Microsoft is investigating an Outlook bug causing desktop app crashes, high system resource usage, and preventing users from logging into their accounts.

While the company said these ongoing issues only affect European customers, users worldwide have since reported experiencing the same sign-in and app instability problems.

"We're investigating an issue in which users in Europe may be experiencing crashing, not receiving emails or observing high memory usage when using the Outlook client," the company said.

"We're analyzing data from customers experiencing crashes and high memory usage when using the New Outlook desktop app. We're reviewing service telemetry and reproducing the issue internally to develop a mitigation plan."

According to some reports, the same problems also impact Outlook on the web (OWA), with the app freezing and not loading for some users in the United States and elsewhere.

Affected Outlook (new) customers have also seen the app displaying alerts that advise them to restart the system because of high memory consumption.

Outlook restart alertOutlook restart alert (glim69)

​In an incident report added to the admin center (tracked as MO907654), the company also said that these ongoing issues may be blocking users from logging into other Microsoft 365 services.

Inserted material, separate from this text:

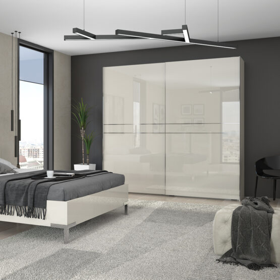• frontovi i bočne strane plakara lakirani su UV lakom u visokom sjaju, u toploj bež ili beloj boji u kombinaciji sa elegantnim horizontalnim hromiranim lajsnama;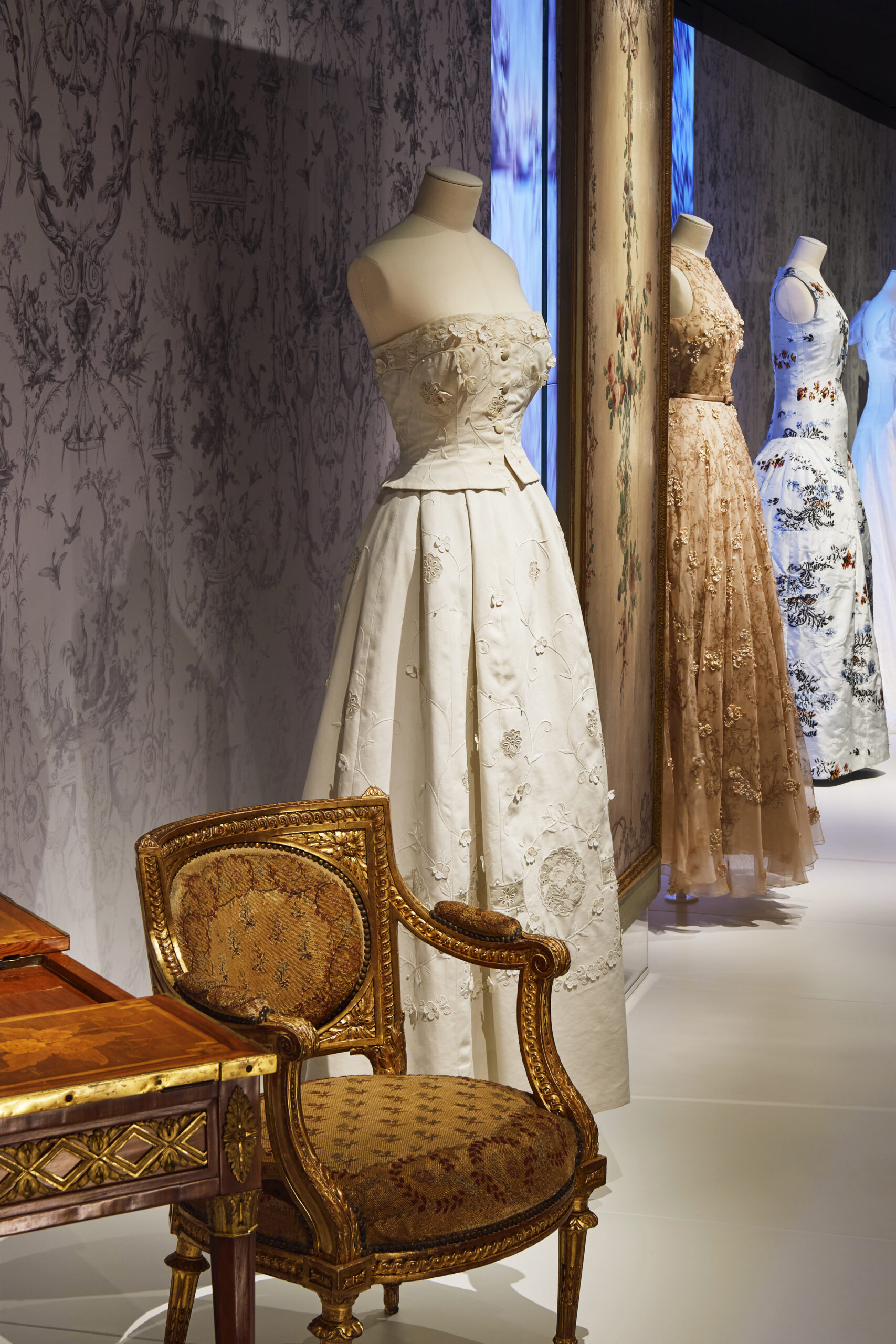 Christian Dior lui-même était fasciné par le siècle des Lumières. Cette passion se manifeste à travers une collection exquise d’objets, de photographies et de vêtements, dont la robe en tulle plissé et dentelle conçue par Maria Grazia Chiuri pour la série Marie-Antoinette.

"Were analyzing service telemetry, specifically networking data and authentication specific to the Netherlands, and further investigating potential impact to other Microsoft 365 services," Redmond said.

The company also tweeted via its official Microsoft 365 Status Twitter account that it identified a potential memory management issue that may be responsible for this outage.

"We're obtaining memory dumps and logs from Outlook client telemetry data for analysis to determine our next steps," it said.

In August, Microsoft mitigated an Azure outage that took down multiple services for customers across North and Latin America for more than two hours.

This is a developing story...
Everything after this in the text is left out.